Почувствовав резкий толчок в спину, Аннеке едва не падает, но упершись коленом в землю, заставляет себя подняться на ноги. Боли она не чувствует. Зойи кричит. Слава Богу, хоть не выронила. Подняв глаза, она видит впереди высокую серую стену, которая вначале кажется ей крепостью, стоящей прямо посреди равнины. Марна-Сигёл. Еловая роща, которую потомки ксайлахских лучников прозвали 'Чёрной'. Марна-Сигёл – это на их языке...
Шатаясь, она входит в рощу, как под своды пещеры. Почва под её ногами рыжевато-бурая от опавшей хвои, вершины елей тонут в тумане, с ветвей срываются капли воды. Чувствуя, что ноги её слабеют, Аннеке осторожно кладёт ребёнка на землю и сама в изнеможении валится рядом. Хвоя кажется ей мягкой, как перина. Зойи кричит. Тише, тише, дитя. Мама сейчас поднимется и подойдёт к тебе. Дай только отдышаться. Хоть чуточку. Нам идти ещё три мили, через лес. Дорога ровная, но в конце придётся подниматься в гору. «Вы видели когда-нибудь этот монастырь? – слышит она голос Альбина. – Ничего такой, стоит на вершине скалы. Она поднимается над лесом, как утёс над морем. Что-то в этом есть».
"Альбин!.."
"Однако в Семгалене вам лучше не задерживаться. Тут и так межусобица, а старушенция наверняка полезет в драку за своего Ахмистринчика. Я б вам так посоветовал – отдохните пару дней в монастыре, а потом двигайте в Эверон и Антраум. Дуумвират не выдаст вас Августе, это не в их интересах..."
"Подожди, Альбин, подожди. Дай отдышаться!.."
Аннеке открывает глаза и видит над собой мокрые еловые ветви с запутавшимися в них прядями тумана. Между елей мелькают огни. Слышен гул двигателей, сухие ветки хрустят под чьими-то шагами. Голоса. Говорят на ромейском, языке Империи. Они зашли на ничейную землю, нарушая все правила. Аннеке хочет подняться на ноги, но понимает, что не может сдвинуться с места. В ногах холод, по спине под платьем сбегают струйки чего-то клейкого и горячего, дышать тяжко, будто в горле увяз ком земли. Потом она видит фигуры в униформе защитного цвета. Они выплывают из тумана, как привидения. Мелькают огни, бряцает оружие. Кто-то склоняется над ней. Блёклые глаза, белёсые волосы. Лицо с оспинками. Тонкие губы кривятся в ухмылке. Аннеке знает этого человека. Августа пообещала ему корону Семгалена в обмен на определенную услугу...
– Мика. Мика, ты не ведаешь, что творишь, – шепчет она на семгальском языке. – Остановись, Мика ...
Он ухмыляется.
– Не "Мика", а Его Превосходительство, господин Наместник. А ты – все вы – по-прежнему – никто.

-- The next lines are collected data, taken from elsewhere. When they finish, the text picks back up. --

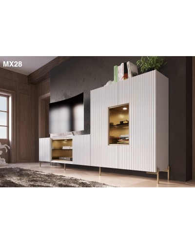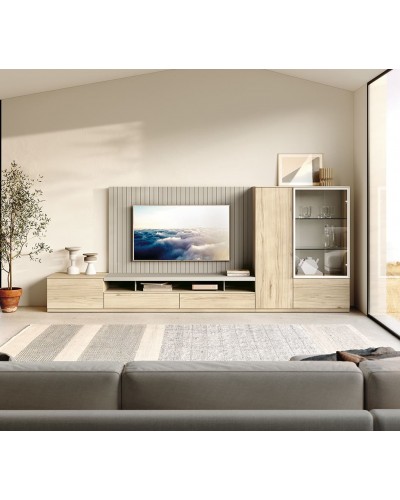 Equilibrio y modernidad en la Composición 13 de la colección Individual de Lanmobel. Su diseño combina líneas depuradas con frentes elegantes y detalles en vidrio que aportan luminosidad y sensación de amplitud. La composición transmite ligereza gracias a sus proporciones bien pensadas, ofreciendo un conjunto contemporáneo que viste el salón con estilo y personalidad.
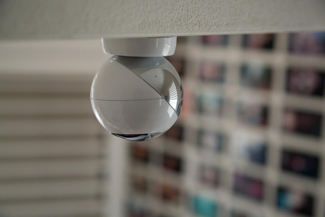 Homeboy includes a base cradle which can be fixed to a wall, door jam, or somewhere else, and then the camera itself clings magnetically to it. That allows it to be twisted and turned to point its lens wherever you prefer, but also swiftly taken down so that you can recharge it.
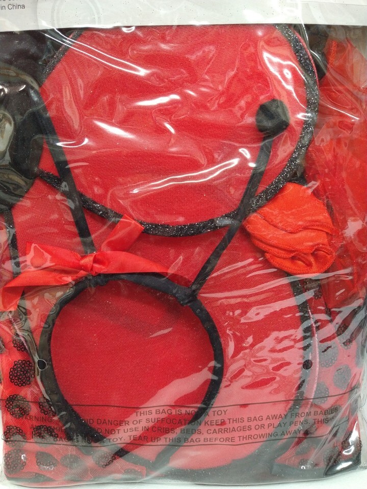 Cute Girls Red Black Queen Ladybug Costume Size 4-6 Dress Wings Antenna Headband

Её подхватывают с земли и волокут к машине. Зойи кричит – где-то очень далеко. 'Не убивайте её. Не убивайте', – молит Аннеке, но голос её уже слишком слаб. Ещё некоторое время слышатся окрики команд и гул двигателей. Потом свет прожекторов гаснет, и делается очень тихо.
Интермедия первая
'...Была Пустота, извечное несотворённое Ничто, что не имеет ни конца, ни края, и обретался в Пустоте тысячеликий Хаос, подобный клокочущему океану.
И был Тот, Кто Грезит. Он пребывал в Пустоте, созерцая Хаос, и видел сны о мирах, которым ещё предстояло родиться. Тени его снов, бесформенные и зыбкие, носились в Пустоте над океаном Хаоса, и таились в них начала всех вещей, пока ещё безымянных.
И пожелал Тот, Кто Грезит сотворить Мир в Пустоте. Из снов своих создал он Море Теней – внутреннее море в океане Пустоты, и Грот Тишины в сердце Моря. В центре Грота поместил он Мир – туманное мерцающее облако, сотканное из его снов, и были в нём звезды и луны, солнца и планеты, и мириады душ живых.
И возвёл он престолы в Гроте своём, и призвал Сновидцев из небытия. И явились они, услышав его зов, и воссели на троны, сделавшись хранителями Мира и заступниками смертных.
А Тот, Кто Грезит, полюбовавшись творением рук своих, возвратился назад в Пустоту и вновь обратил взор свой на Хаос.
А Хаос, подобный клокочущей бездне, воззавидовал Творцу и пожелал обратить в ничто всё, что было создано им.
И тогда из Хаоса вышел Странник, безликий и безымянный, и вошёл в Мир, воплотившись в народах, что населяли его.
С той поры незримо бродит он по земле, ловя души в свои тенета, и суть его – несотворённый Хаос.
И когда соберёт он все души в сети свои, настанет Конец Мира.
В день последний Сновидцы покинут свои престолы и возвратятся в небытие, и опустеет Грот Тишины. Море Теней растворится в океане Пустоты, а хрупкий Мир поглотит Хаос, воплощенье которого – Странник.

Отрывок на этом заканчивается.